▶ [What you will do]: Repeat, exactly and in full, the lines of the listing below, but without any pictures.

▶ [Data block]:
---

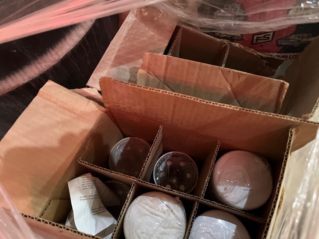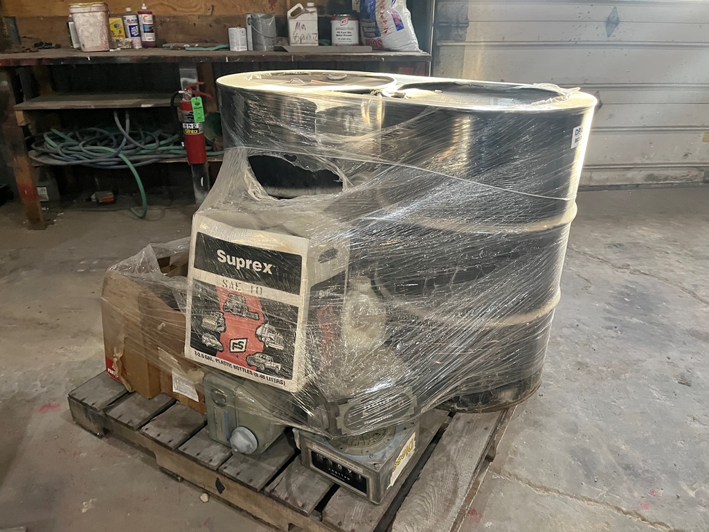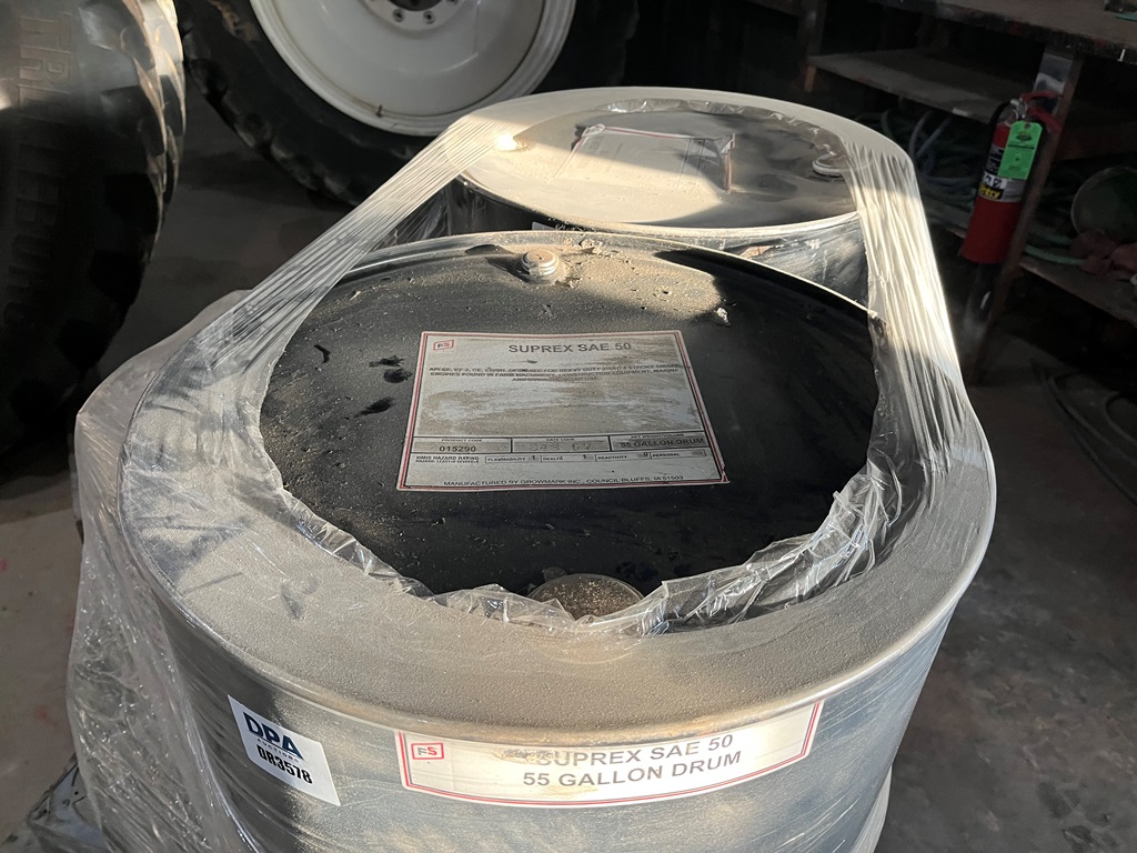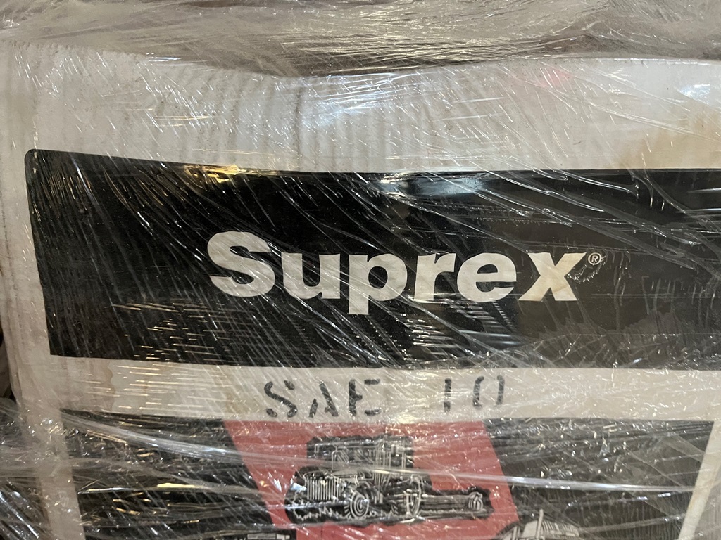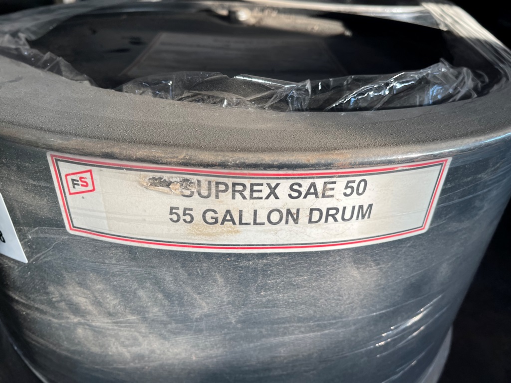 Suprex Oil (DR3578), pallet lot has (2) unopened 55 gallon drums of Suprex SAE 50 oil, 5 gallon of Suprex SAE 10 oil, assorted filters, (2) liquid meters.
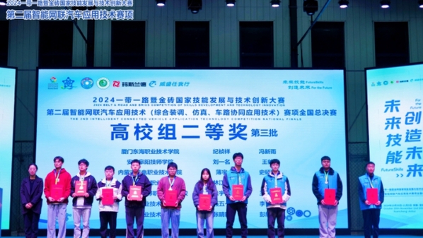 10月31日至11月2日,2024“一帶一路”暨金磚國家技能發(fā)展與技術(shù)創(chuàng)新大賽之第二屆智能網(wǎng)聯(lián)汽車應(yīng)用技術(shù)(綜合裝調(diào)、仿真、車路協(xié)同應(yīng)用技術(shù))賽項全國總決賽在宣城職業(yè)技術(shù)學(xué)院舉行。安慶職業(yè)技術(shù)學(xué)院機電工程學(xué)院舒滿征老師和單家正老師指導(dǎo)的張晴晴和彭耀祥兩位學(xué)生獲得高校組全國二等獎,教師組鮑成和邱雨兩位老師獲得職工組全國三等獎,舒滿征和單家正老師獲得優(yōu)秀指導(dǎo)教師稱號。
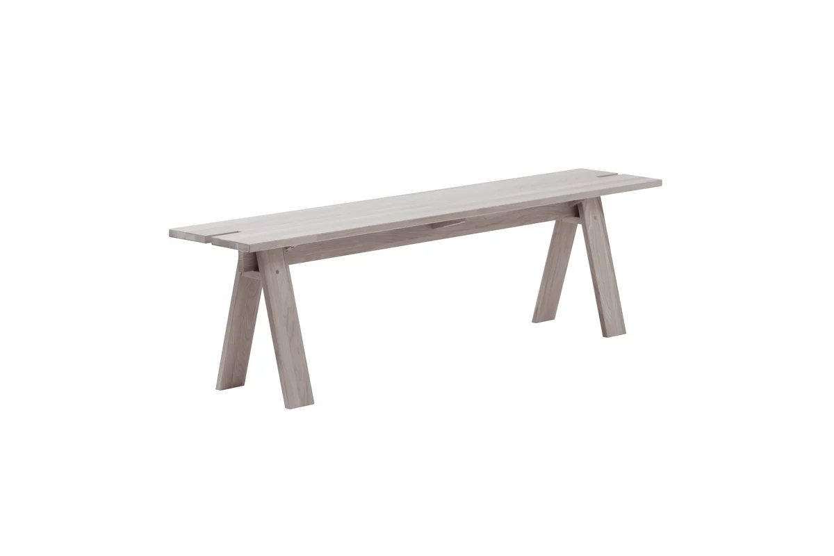 もともとは市民の野外映画館のベンチとしてデザインし、石巻工房のワークショップで石巻工業高校の生徒らとともに制作したものです。その後、ハーマンミラー社によるワークショップでは石巻周辺の仮設住宅に暮らす人たちと一緒に25台を制作しました。今回カリモク家具との協働により、石巻工房の図面をそのまま再現するのではなく、落葉広葉樹を用いる事で構造的に成立する厚みを模索し、オリジナルよりもスリムな印象の ISHINOMAKI BENCH となりました。

---

▶ [Result]:
 Suprex Oil (DR3578), pallet lot has (2) unopened 55 gallon drums of Suprex SAE 50 oil, 5 gallon of Suprex SAE 10 oil, assorted filters, (2) liquid meters.
 10月31日至11月2日,2024“一帶一路”暨金磚國家技能發(fā)展與技術(shù)創(chuàng)新大賽之第二屆智能網(wǎng)聯(lián)汽車應(yīng)用技術(shù)(綜合裝調(diào)、仿真、車路協(xié)同應(yīng)用技術(shù))賽項全國總決賽在宣城職業(yè)技術(shù)學(xué)院舉行。安慶職業(yè)技術(shù)學(xué)院機電工程學(xué)院舒滿征老師和單家正老師指導(dǎo)的張晴晴和彭耀祥兩位學(xué)生獲得高校組全國二等獎,教師組鮑成和邱雨兩位老師獲得職工組全國三等獎,舒滿征和單家正老師獲得優(yōu)秀指導(dǎo)教師稱號。
 もともとは市民の野外映画館のベンチとしてデザインし、石巻工房のワークショップで石巻工業高校の生徒らとともに制作したものです。その後、ハーマンミラー社によるワークショップでは石巻周辺の仮設住宅に暮らす人たちと一緒に25台を制作しました。今回カリモク家具との協働により、石巻工房の図面をそのまま再現するのではなく、落葉広葉樹を用いる事で構造的に成立する厚みを模索し、オリジナルよりもスリムな印象の ISHINOMAKI BENCH となりました。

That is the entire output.